Feel free to email me if you have questions! (see profile) I've been working
for six months in SF, living in MV.

By the way, I think it's great that you have a sense of perspective already
(and the savvy to be filling your Roth IRA...) that kind of stuff is
priceless.

------
CatDancer
One option: use your entrepreneurship and management training to figure out
the answer to this question: what could someone with your skillset, who didn't
need to otherwise work to support themselves, and was willing to devote 100%
of their time, do that would have the maximal positive impact on the world?

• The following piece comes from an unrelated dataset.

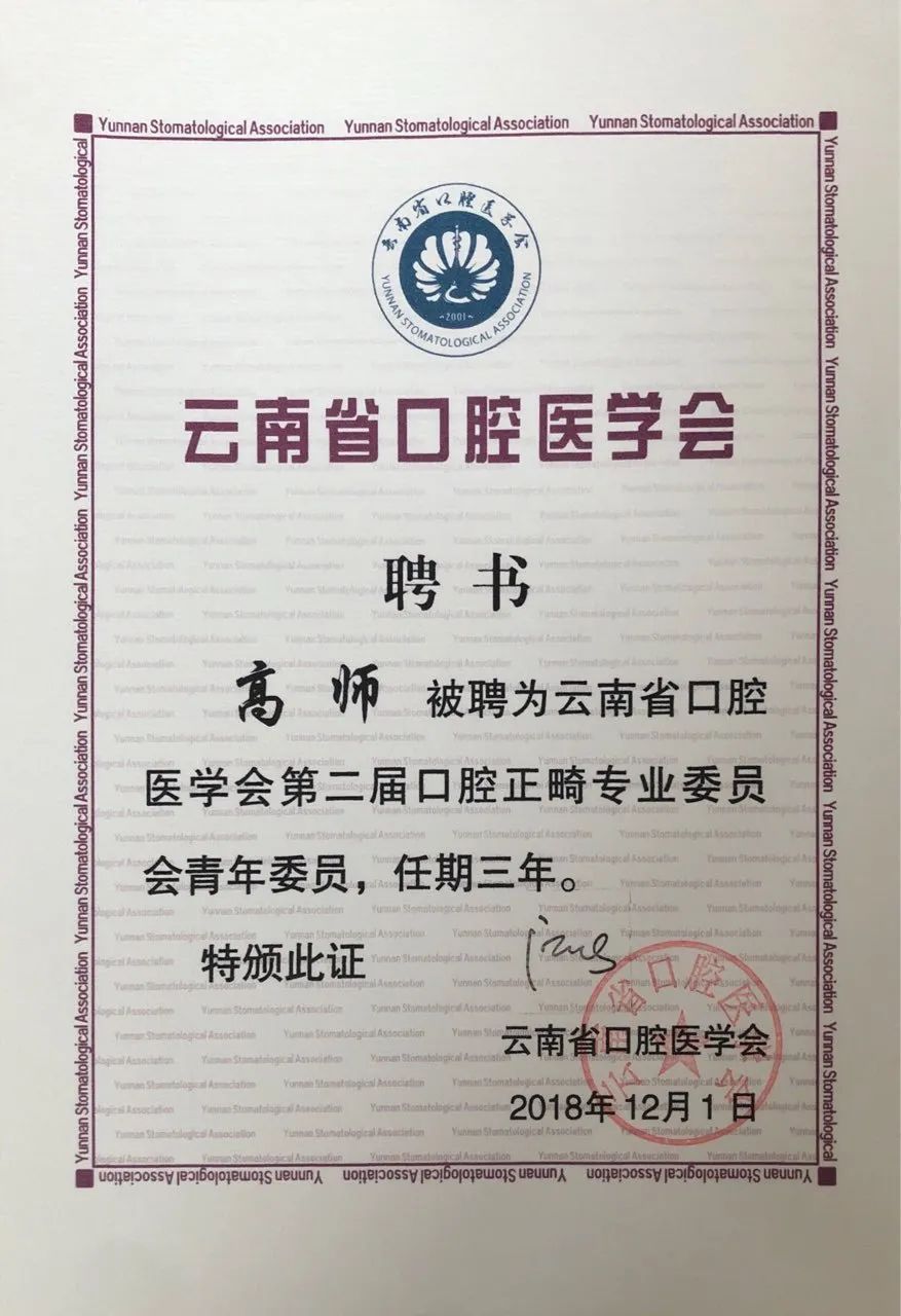 云南省正畸专业委员会青年委员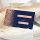 Cette élégante table mariage moderne réservée carte de place dispose d'un design rose en faux parties scintillant or le long d'un bord sur un arrière - plan bleu marine. L'avant de la carte donne de l'espace pour le nom et le numéro de table du client sous forme de rectangles rose rose. Le mot "table" apparaît dans le script d'écriture manuscrite rose rose avec des swashes avant et après. Customisez le verso de la carte avec les noms de la mariée et du marié en écriture rose et la date du mariage ci-dessous en sans serif font.

Then live frugally, like a college student. The 100K will support you for the
next four years. To be able to devote 100% of four years of youthful,
intelligent energy towards one of the world's problems without other major
life distractions (school, job) would be an amazing resource and you could
have a tremendous impact. (An important component of this should be finding
something that excites you, rather than just responding only to a feeling of
guilt).

I disagree with the commentors who suggest you should invest your money.
You're an entrepreneur. If you want another 100K, you can go out and do
something to make that. (I would however recommend never, ever, going into
debt: never spend money you don't have on the assumption that you'll be able
to make more later; this is a powerful reality check that ensures that you
really are doing what you think you can).

I expect other commentators to voraciously disagree with my suggestion that
you spend the money supporting yourself instead of saving it; I'll just note
that in advance so I won't feel like I need to respond to any of the
responses.

------
oldgregg
If you care about lifestyle, move up to Boulder. Killer startup community,
more friendly than the valley. City with highest per capita advanced degrees.
Only 100k population with the intellectual capital that you would only find in
Boston/Bay/Austin. Google, Microsoft, crispin porter, tons of great companies
have offices here. Relatively low cost of living. Come up here and bike, hike,
and ski. Hell, you can kayak through the middle of town. Startup community
will really challenge and inspire you...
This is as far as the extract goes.